Re: Weird problem with 2.4.4-pre6

From: Andrew Morton (andrewm@uow.edu.au)
Date: Wed Apr 25 2001 - 20:10:16 EST


Tobias Ringstrom wrote:
>
> Yesterday, I was running tcpdump, paging the output with less. All of a
> sudden, less started to dump core (SIGSEGV). I could not even start less
> by itself:
>
> > less
>
> without it getting a SIGSEGV, and in fact no user could run less without
> getting a SIGSEGV, but it did work perfectly a few minutes earlier. This
> morning, I tried to run less again, and now it was working! No core
> dumps!
>
> How can this happen? Something overwriting the page/buffer cache?

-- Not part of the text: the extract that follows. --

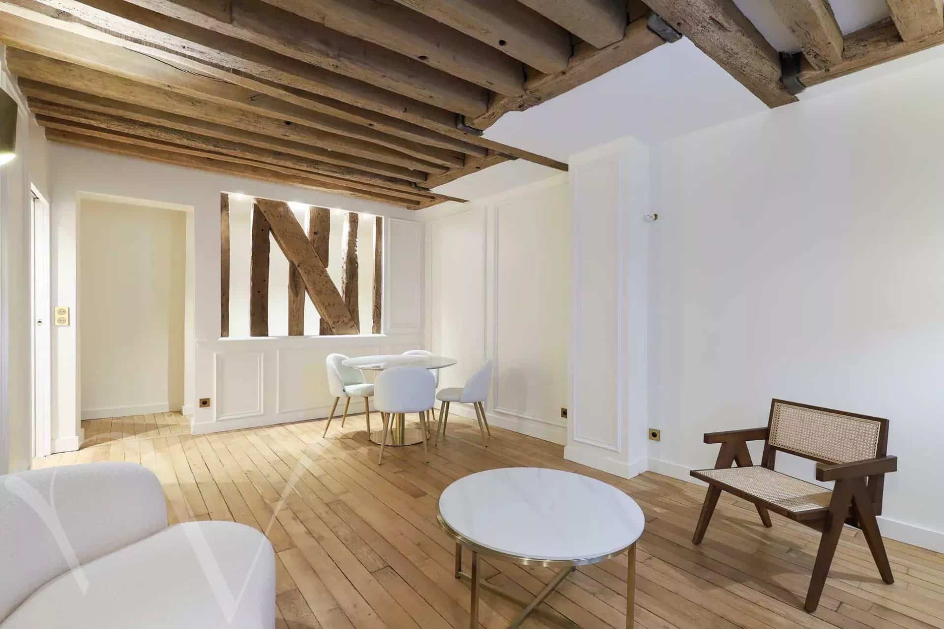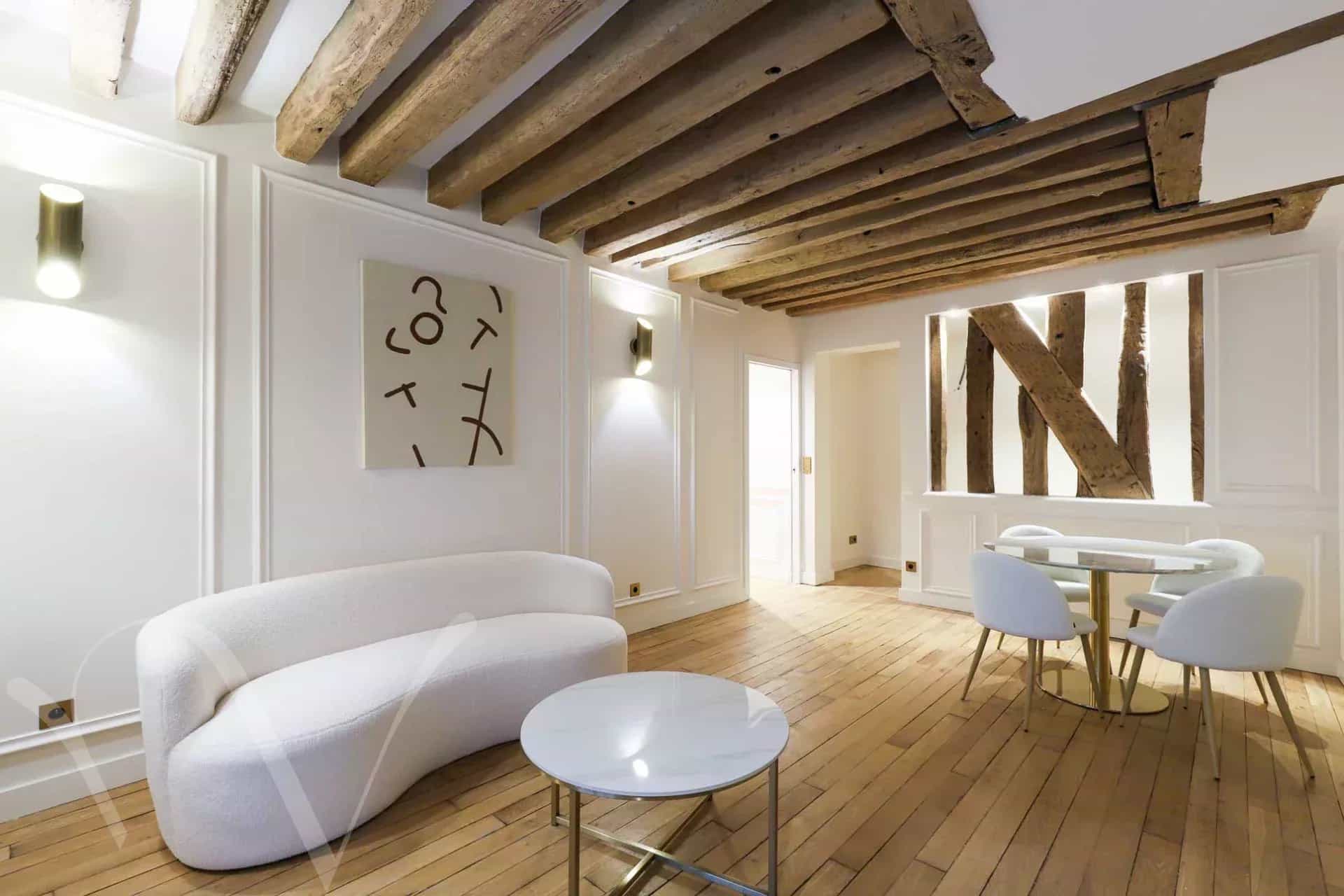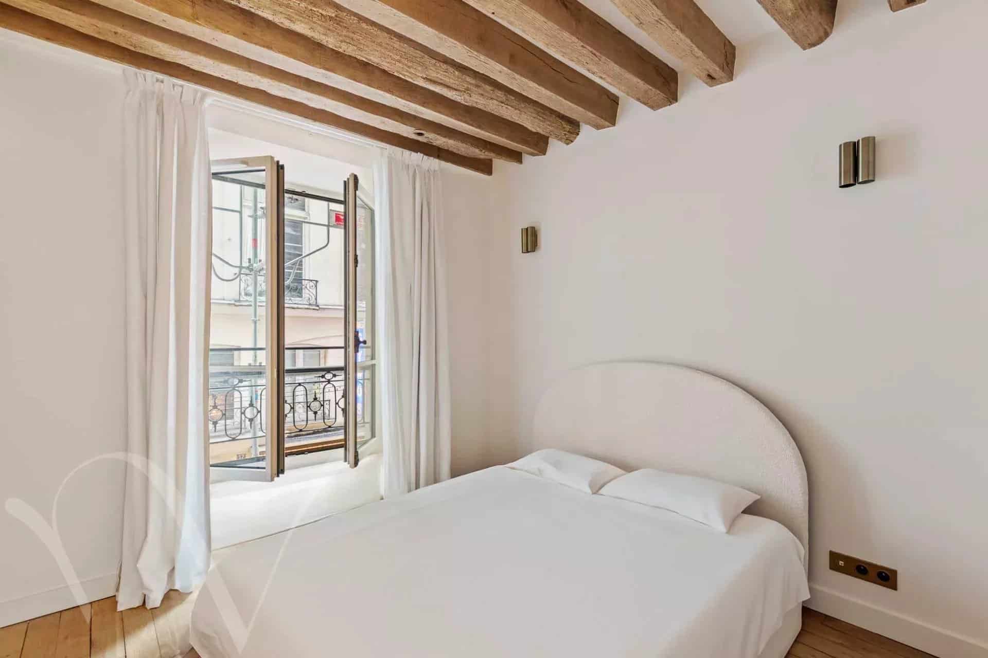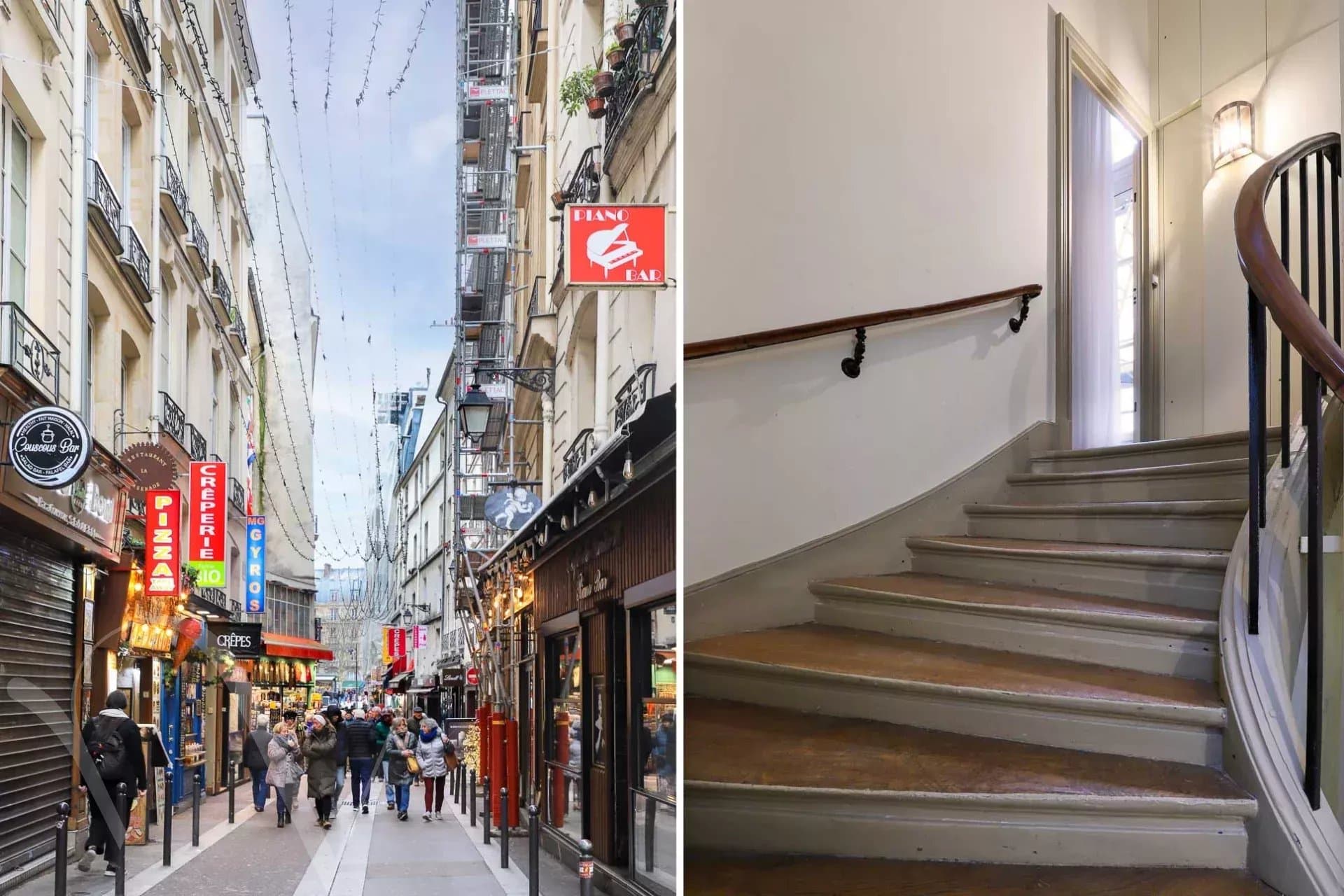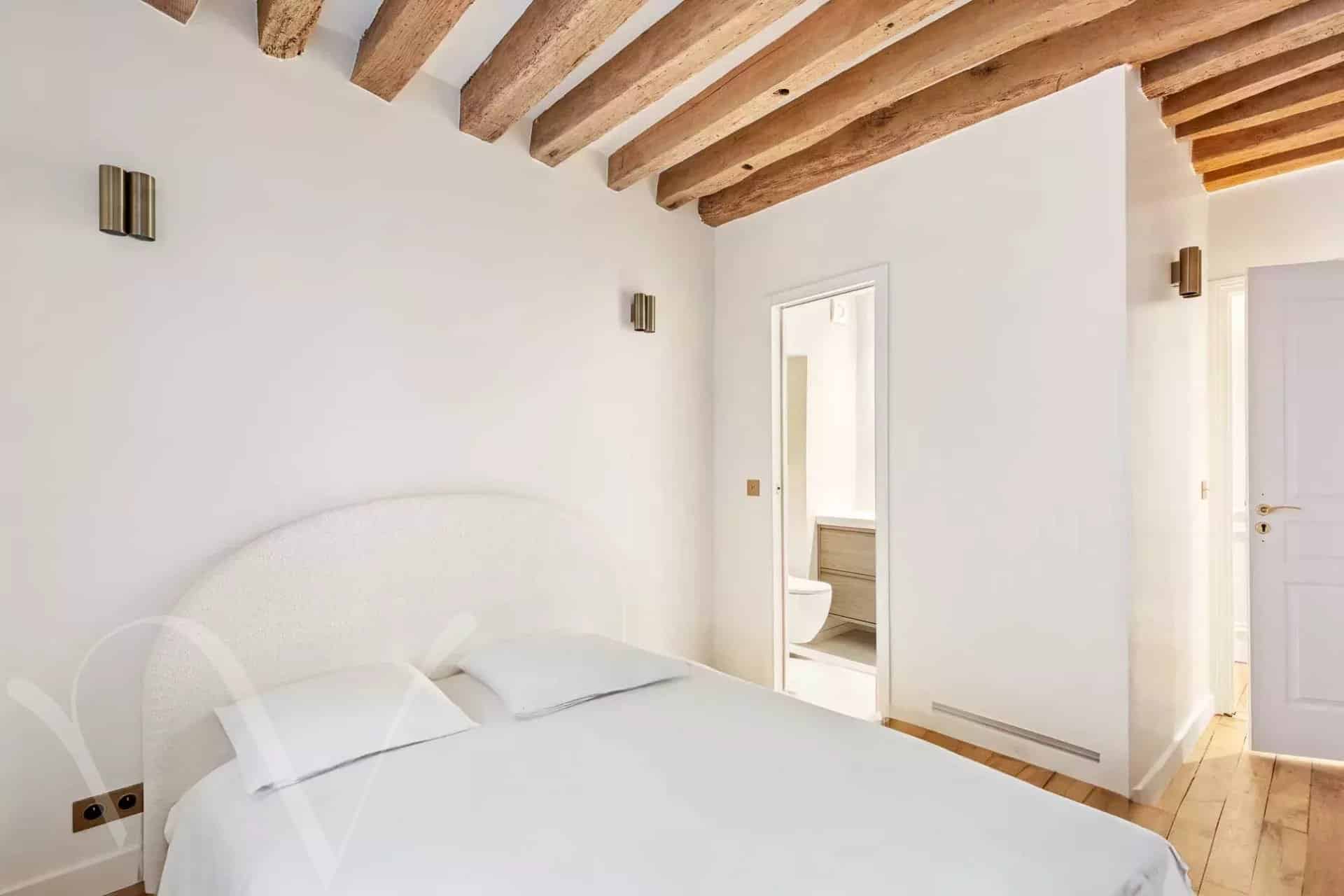 Dans bel immeuble en Pierre de Taille, au premier étage appartement de 52 m² entièrement et luxueusement rénové composé d’un salon sur la rue de la Huchette avec des jolies poutres, une chambre en suite avec sa salle de douche avec toilettes, une cuisine équipée et des WC d’invités. Climatisation.

Yes. Something scribbled on the pagecache, most likely.

If this happens, take a copy of the offending binary and all its shared
libraries - simply copy them into a temp directory. The corrupted version
will be written to disk, from the pagecache. Make sure you keep
a copy of the offending vmlinux as well for looking things up in.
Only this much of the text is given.